My 110 lb dog, Tigger, decided he wished to become a cult figure. So he placed this photo of himself in a prominent position by the Nativity this year and was happy to see a gathering of puppies and other dogs coming to welcome him and admire his good looks.

I’m not yet sure if Tigger has determined to run in the 2020 elections. With 20/20 foresight, I would be able to predict the results if he did and with 20/20 hind(leg) sight, I’ll be able, in 2021, to analyse whatever has happened by that stage. Was it Caligula who turned his horse into a god to be worshiped? Tigger was reading about him the other day in Suetonius’s Twelve Caesars. He told me “Surely if a horse can be a god, albeit a Roman god, I, who am as big as a small pony, can be a member of something, an MLA, perhaps, or an MP, maybe even a Representative, or even a Senator.”

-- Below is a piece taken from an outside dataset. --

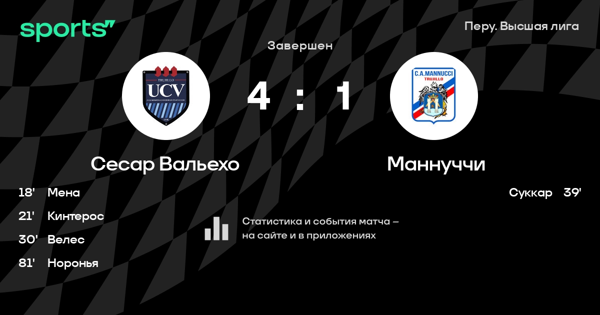 Сесар Вальехо – Маннуччи: Сесар Вальехо не проигрывает в 12 из 13 последних матчей против этого соперника

“Tigger,” I replied. “You are certainly big enough to be a Senator. If only you could skate, and shoot the puck, and find a uniform to fit, I am sure the Ottawa Senators would be proud to have you as a mascot.” “If I am to be a hockey dog, I want to be a Maple Leaf, lik eddy the Entertainer,” he growled. That should tell you something about his state of mind.

Anyway, he is determined to get out there and run, which he does most days anyway. But he doesn’t have enough money for a deposit, let alone a genuine campaign, and he wants to stand as an independent. He doesn’t want to be tied down with a party line, if you see what I mean. He wants to be off the leash, so to speak. So, I suggested Crowd Funding and he quite liked the idea of that. So, backde by plastic Lego worshipers and followers, Crowd Funded with Monopoly Money, and a determination to create a first of some kind or another, Tigger the Democratic Dog, will soon be heading for either the Senate Kennels or the Parliamentary Kennels. He just hasn’t decided which as yet. I guess with 2020 foresight, I should be able to tell.

By the way, if he actually makes it to the Doggy Dreamland of Representative Status, he’s going to sponsor a bill for a Two-Way Rainbow Bridge. Apparently, he wants to come back again. And we want him back too.